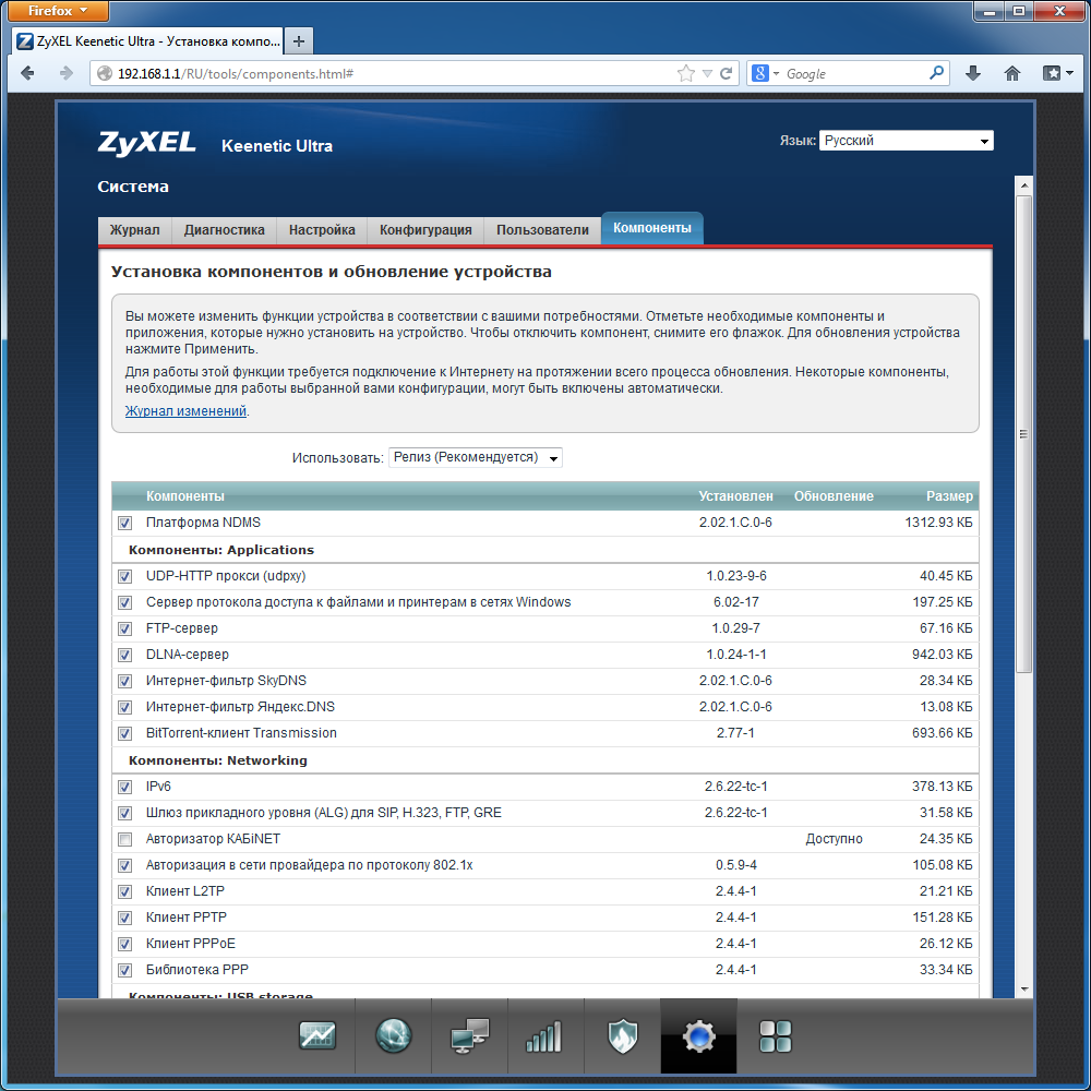 На странице «Компоненты» пользователь может проверить текущие версии программных модулей, выбрать требуемые ему (например, поддержку NTFS или модемов 4G) и обновить прошивку. Для модулей указывается также и занимаемый ими объем, но не очень понятно, какие ресурсы флэшпамяти доступны в текущий момент.
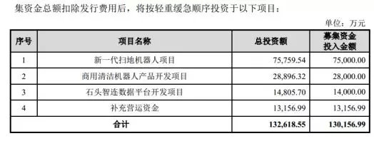 此次石头科技拟发行不超过1666.6667万股,拟募资13亿左右,投入到新一代扫地机器人项目、商用清洁机器人产品开发项目、石头智连数据平台开发项目和补充营运资金。
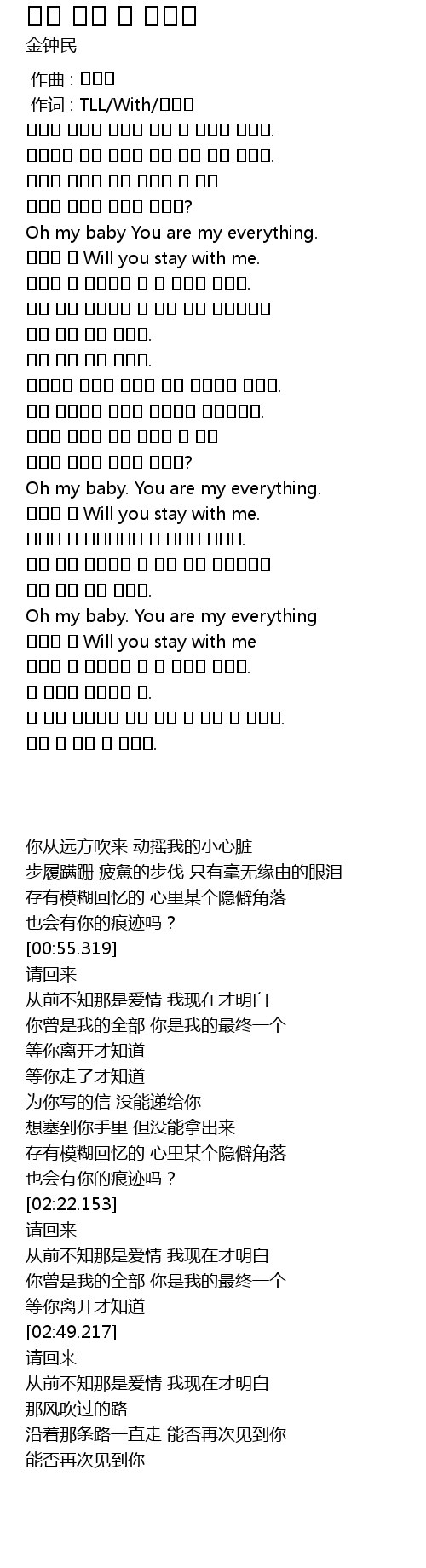 | [02:53.754] | 돌아와 줘 Will you stay with me |
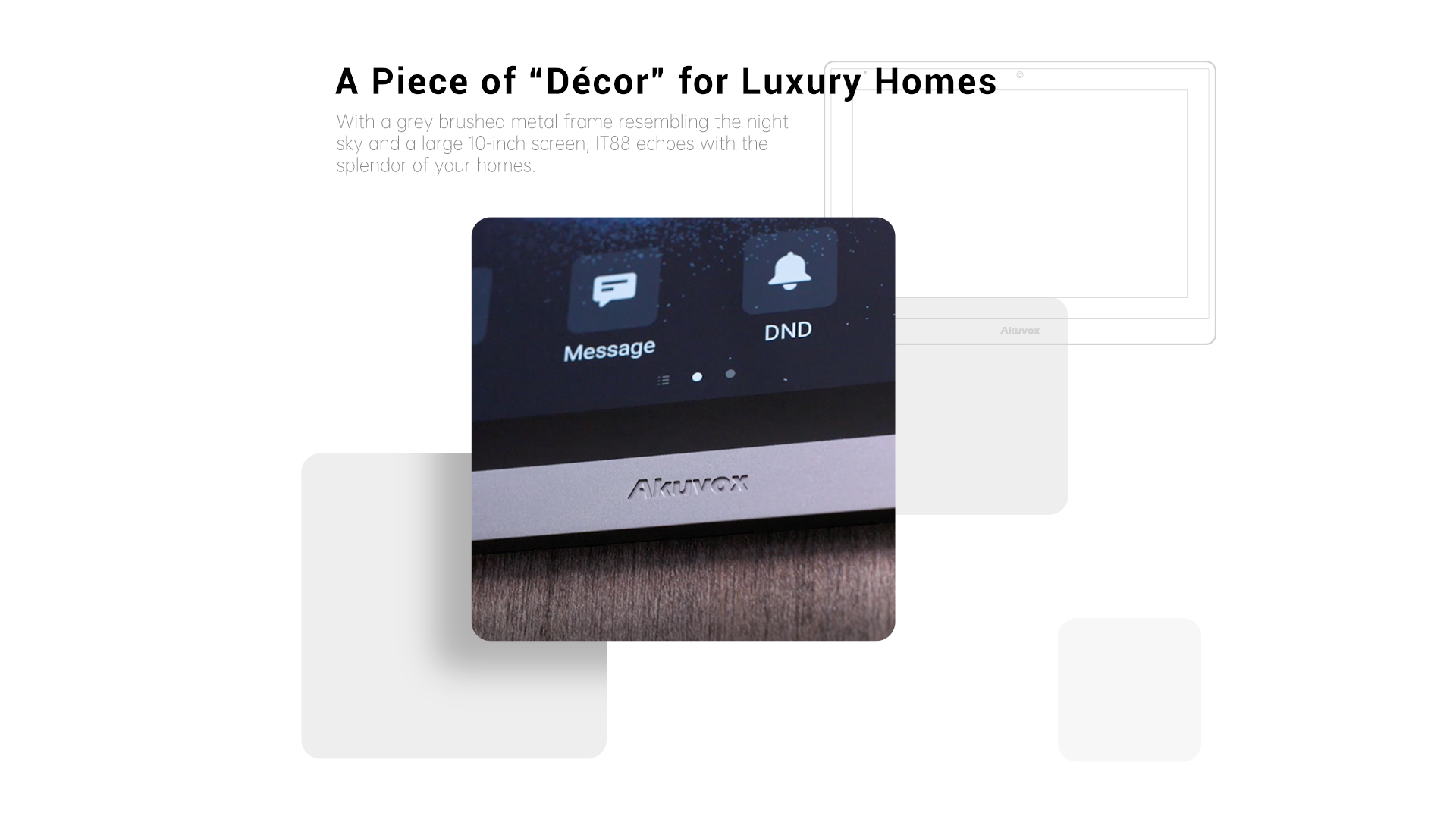 Splendid design, smart home integration, and high-performance CPU, Akuvox IT88 10" indoor monitor is perfect for luxury homes.
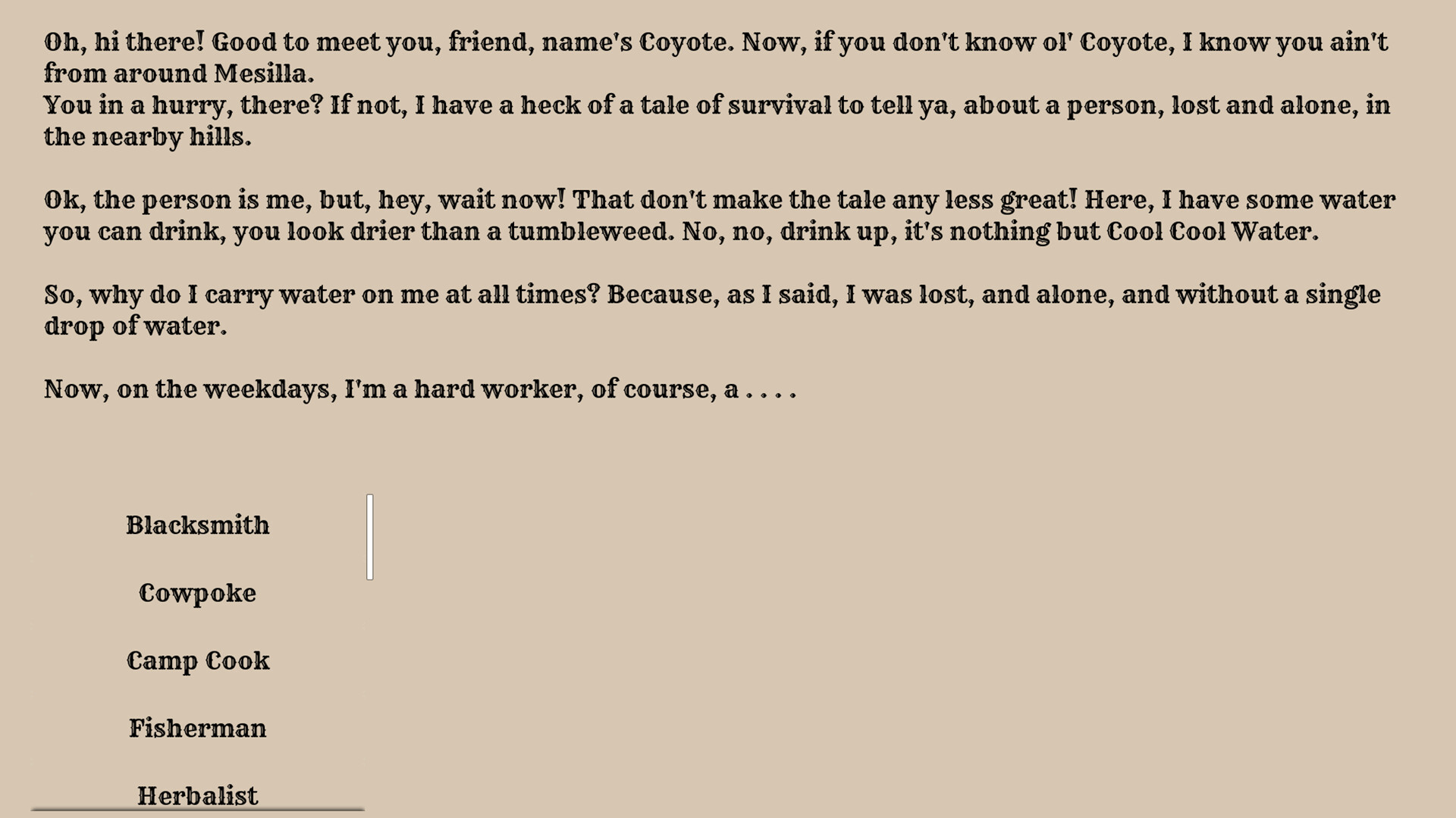 In Cool Cool Water, use your wits, your foraging skills, and your sheer grit to ensure that you  survive after waking up in the desert of southern New Mexico.
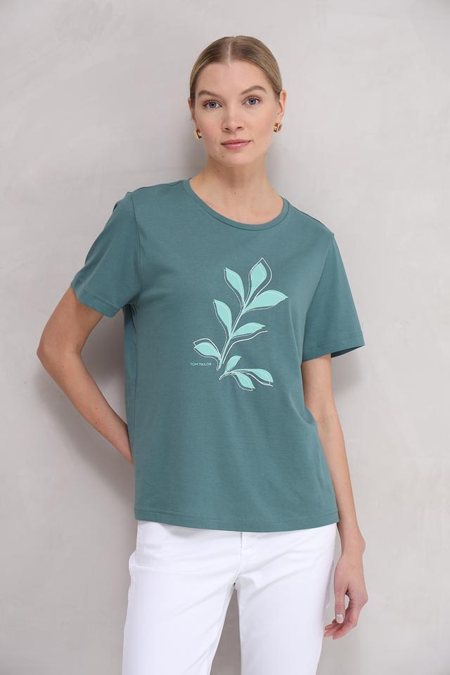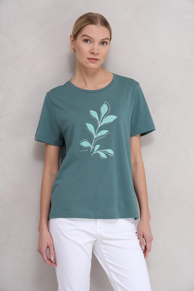 Женская футболка Tom Tailor мятного цвета с оригинальным принтом в виде ветки. Изготовлена из 100% хлопка, обеспечивающего комфорт и воздухопроницаемость. Стильный и удобный вариант для повседневного образа. Состав: хлопок 100%
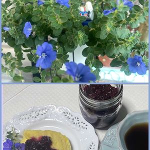 おはようこざいます☀️ 🏷️毎月2日はスヌーピーの日 🍀エボルブルズ ずっと咲いてる可愛いお花 ブルーベリー🫐ジャム出来ました。
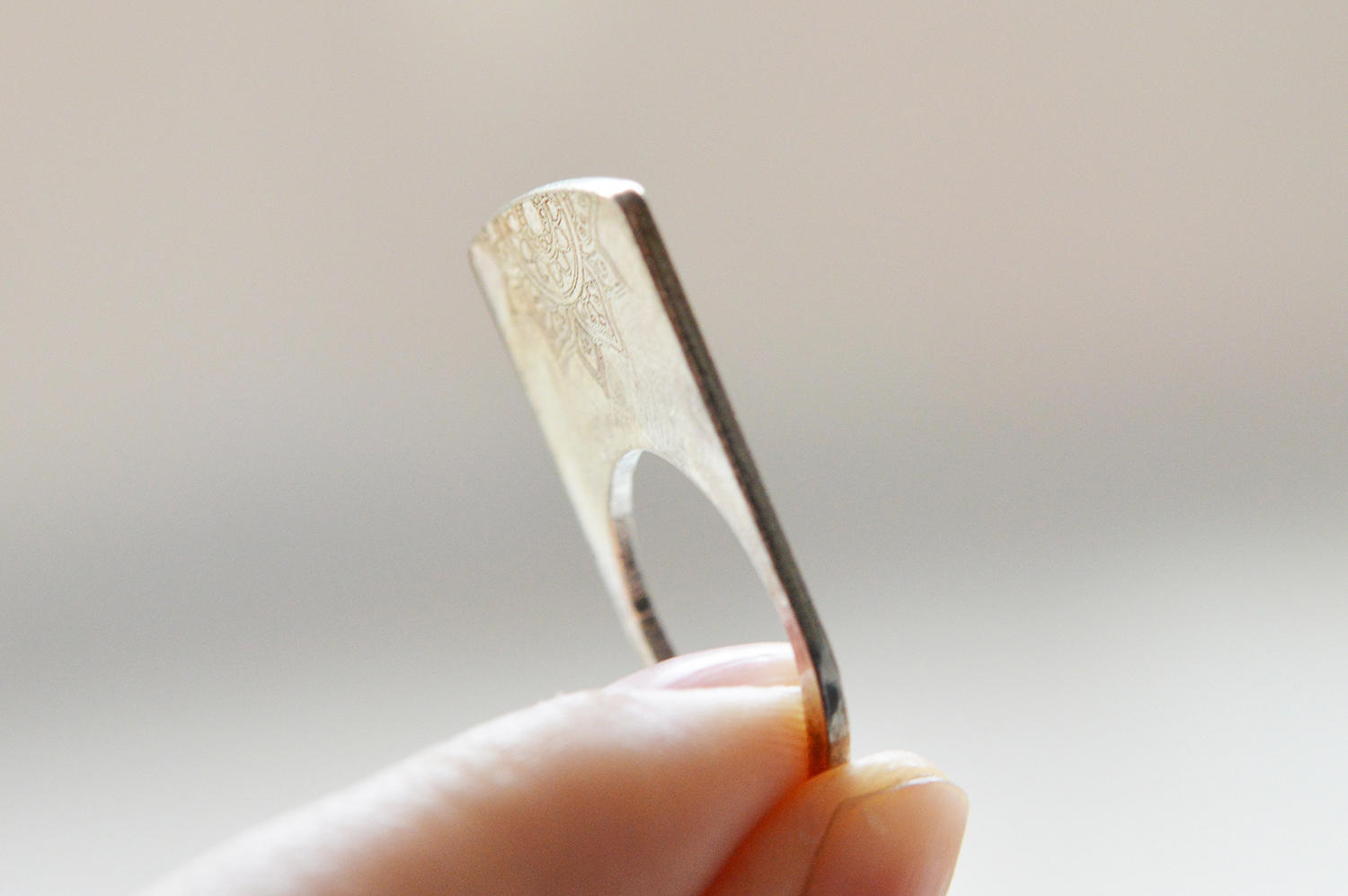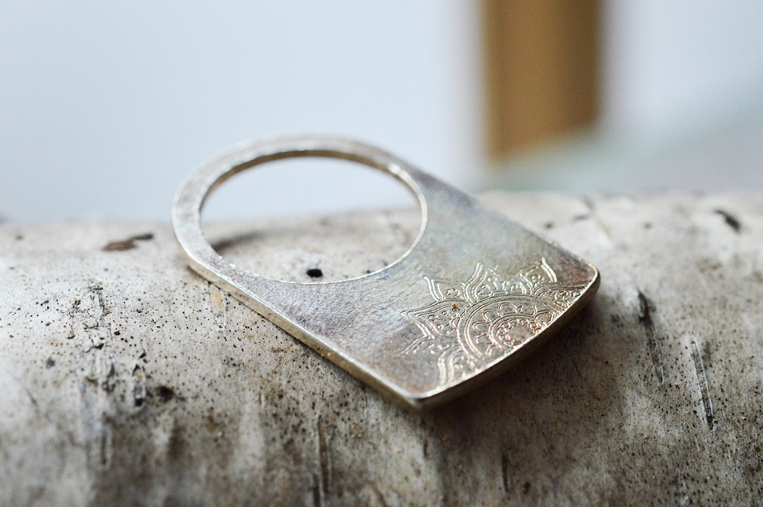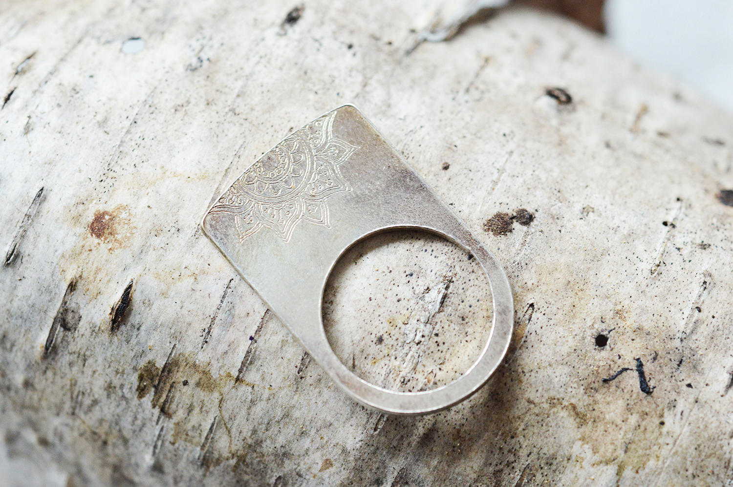 Inelul din argint Mandala are o gravura pe partea superioara a acestuia.

**Exercise directions:** Set down the lines from the one containing "Женская футболка Tom" through the last line of the records above, both included, exactly as they appear and with no other text. Pictures should not be set down.

**Result for this task:**
 Женская футболка Tom Tailor мятного цвета с оригинальным принтом в виде ветки. Изготовлена из 100% хлопка, обеспечивающего комфорт и воздухопроницаемость. Стильный и удобный вариант для повседневного образа. Состав: хлопок 100%
 おはようこざいます☀️ 🏷️毎月2日はスヌーピーの日 🍀エボルブルズ ずっと咲いてる可愛いお花 ブルーベリー🫐ジャム出来ました。
 Inelul din argint Mandala are o gravura pe partea superioara a acestuia.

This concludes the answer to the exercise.